Jeder Benutzer kann mit alsamixer selbst die Werte wieder wegändern, dazu brauchtest du dich nicht als root anmelden.  :Wink:  Es wird pro Anwenderprofil eingestellt.

----------

## flammenflitzer

Ich muss regelmäßig als user meine Einstellungen mit alsamixer ändern, um beim TV Ton zu haben. Das Problem hatte ich schon mal vor langer Zeit. Ich finde den Thread aber nicht mehr.

----------

## manuels

ich weiß nicht, ob es damit zusammenhängt, aber lädst du /etc/init.d/alsasound beim booten?

----------

## flammenflitzer

Ja. Ich werde mal die /etc/asound.state umbenennen/entfernen.

----------

## Knieper

Das Initskript speicherte bisher in /var/lib/alsa/asound.state.

----------

## tgurr

Wie Knieper schon sagte speichert das init Skript nach /var/lib/alsa/asound.state.

Der Befehl alsactl store allerdings speichert nach /etc/asound.state und hat folglich keinen Effekt.

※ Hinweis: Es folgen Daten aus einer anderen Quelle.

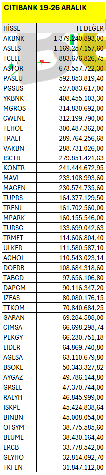 CITIBANK 19-26 KASIM 2025 HAFTALIK TAKAS ANALİZ

Also entweder in der /etc/conf.d/alsasound RESTORE_ON_START="yes" && SAVE_ON_STOP="yes" setzen, was defaultmäßig aktiv sein sollte, oder alsactl store wie folgt ausführen:

alsactl -f /var/lib/alsa/asound.state store

----------

## flammenflitzer

localhost olaf # rm /var/lib/alsa/asound.state

localhost olaf # ln -s /etc/asound.state /var/lib/alsa/asound.state

Danke 

MfG

----------